Understanding how humans learn is one key to improving teaching practices and advancing education. Does everybody learn in the same way or do different people need different teaching styles?
The question may sound straightforward, but assessing and interpreting learning performance remains elusive. It is one of the most widely debated educational topics of today, especially for learners who have unique ways of demonstrating their understanding.
We looked for answers in what might be an unexpected place: among honeybees. In a new study published in the Video Journal of Education and Pedagogy, we use the bees as a model to understand how different individuals acquire information.
Using animal models to understand learning has a long and proud history. The Nobel Prize winner Ivan Pavlov famously trained dogs to associate a sound with a food reward. Eventually, Pavlov demonstrated that the dogs began to salivate at the sound.

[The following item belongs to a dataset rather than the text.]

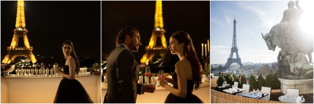 Terasa su vaizdu į Eifelio bokštą, kur vyksta reklamos kampanija ir vakarėlio scenos. Emily bendrauja su draugais, o vieta suteikia elegancijos ir glamūro pojūtį. Scenos čia perteikia Paryžiaus stilių ir socialinį gyvenimą.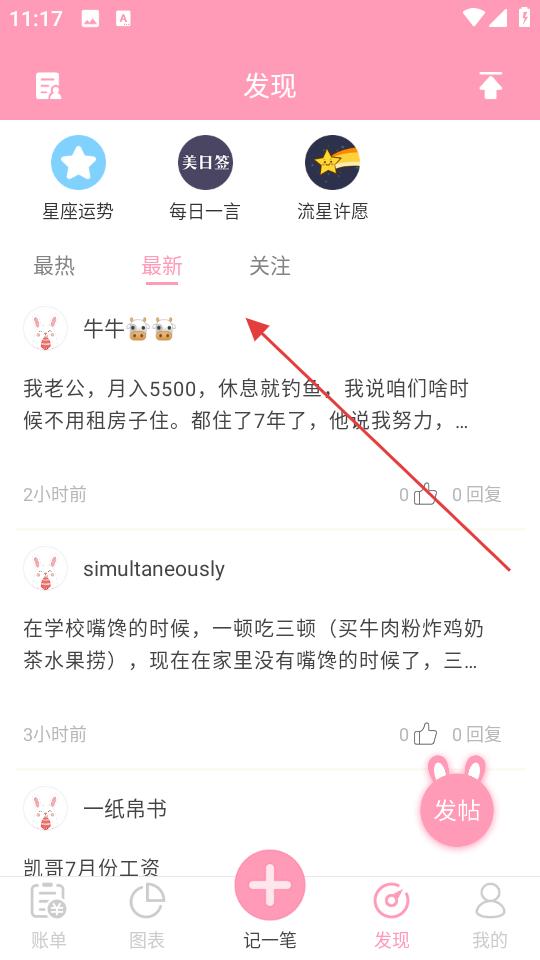 1、進入發現頁面,切換至最新板塊,瀏覽用戶發布動態,如牛牛分享家庭租房話題、講述校園美食等內容,了解不同用戶生活日常。

Pavlov’s experiment revealed the core theory behind how we understand associative learning in education, society and popular culture. Think of how Gringott’s dragon was conditioned in Harry Potter And the Deathly Hallows.
Much of what we know about the physiology of memory formation comes from the seminal work of the Nobel laureate Eric Kandel. Kandel used the simple sea slug, Aplysia californica, to investigate how connections between neurons in the brain enable learning.
Bees are surprisingly good learners and recent research shows individuals can learn faces, add and subtract and even process the concept of zero. Bees learn complex tasks through trial and error, where a reward of sugar water is provided for correctly solving a problem.
Teaching bees arithmetic
We were very interested to discover whether all individual bees would learn complex tasks in a similar way. Would each individual show similar learning performance throughout training, or would individuals demonstrate different learning strategies?
One foundation math skill we all learn at about preschool age is how to add and subtract numbers. Arithmetic is not a trivial task. It requires long-term memory of rules associated with particular symbols like plus or minus, as well as short-term memory of what particular numbers to manipulate in a given instance.
When we trained bees to add and subtract, we evaluated how many trials it took each bee to acquire the task, and summarised the data examining how individuals learn in a video.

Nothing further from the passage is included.